- Church: Catholic Church
- Appointed: 23 February 2024
- Predecessor: Brian Farrell
- Other post: Titular Archbishop of Dolia (since 2024)
- Previous post: Under-Secretary of the Dicastery for the Eastern Churches (2020–2024)

Orders
- Ordination: 8 June 2002 by Carlo Maria Martini
- Consecration: 4 May 2024 by Mario Delpini

Personal details
- Born: 29 July 1977 (age 49) Monza, Italy
- Alma mater: Pontifical Institute for Arabic and Islamic Studies
- Motto: Fove Precantes Trinitas

= Flavio Pace =

Italian Roman Catholic prelate (born 1977)

Flavio Pace (born 29 July 1977) is an Italian Roman Catholic prelate who has served as Secretary of the Dicastery for Promoting Christian Unity of the Roman Curia since February 2024. He previously served as Under-Secretary of the Dicastery for the Eastern Churches from 2020 to 2024. He holds the personal title of titular archbishop of Dolia.
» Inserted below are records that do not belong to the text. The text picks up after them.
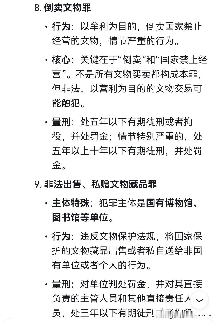 注意!我是脑洞大开?! 南京博物院文物争议这件事情,突然让我想起了涉及文物有哪些罪?这不,我deep seek了一下!找了几个重点的罪行,一起来跟大家共同学习探讨一下。大家可以利用几分钟时间好好看一下,罪行有很多,量刑有的还是很重的。
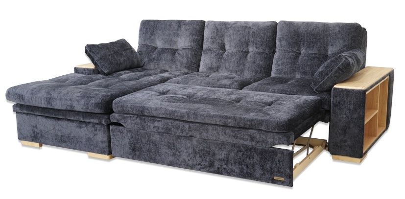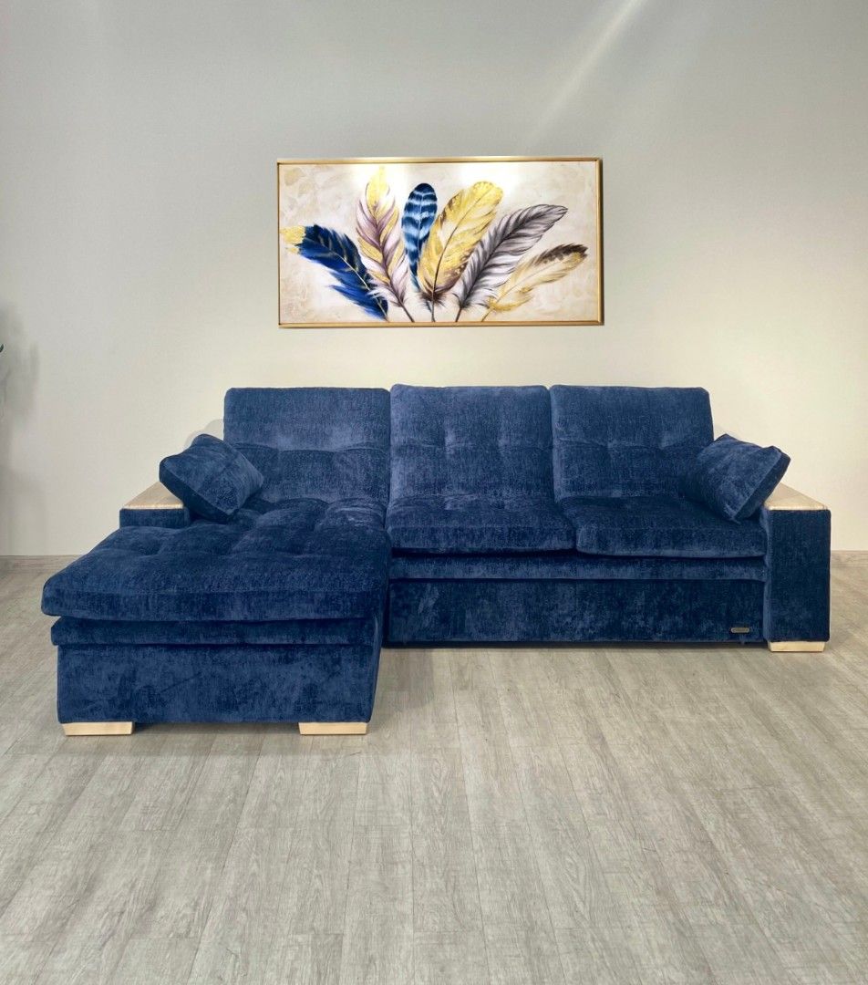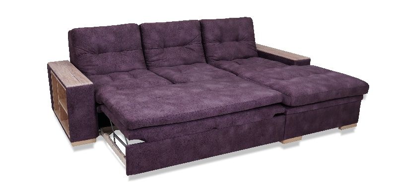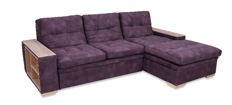 Удобный диван, комфортное спальное место. В подлокотнике со стороны дивана встроенные полочки, со стороны оттоманки —без полок. Большой ящик внутри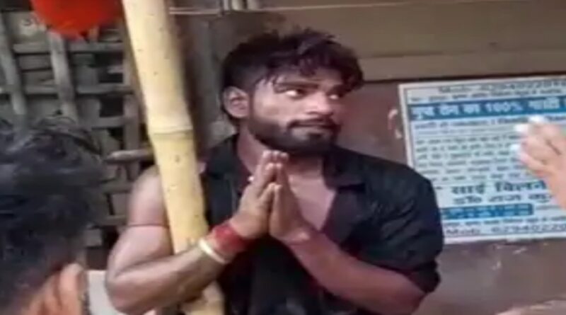मंदिर में हंगामा करने के आरोप में युवक की पिटाई,रस्सी से बांध कर लात घुसे से..

== Early life and education ==
Flavio Pace was born in Monza in the Archdiocese of Milan. He entered the Archiepiscopal seminary of Milan in 1996. In 2010, he obtained a certificate in Islamic Studies from the Pontifical Institute for Arabic and Islamic Studies in Rome, specializing in interreligious dialogue.

== Priesthood ==
Pace was ordained a priest on 8 June 2002 by Cardinal Carlo Maria Martini for the Archdiocese of Milan. He served as parish vicar in Abbiategrasso, worked in youth ministry, taught Catholic religion in secondary schools, and served as a chaplain in a hospice until 2011.

== Roman Curia ==
In 2011, Pace entered the Roman Curia and began service in the Congregation for the Oriental Churches (later the Dicastery for the Eastern Churches). He served as attaché and later as secretary to the prefect, Cardinal Leonardo Sandri. On 3 February 2020, Pope Francis appointed him Under-Secretary of the dicastery.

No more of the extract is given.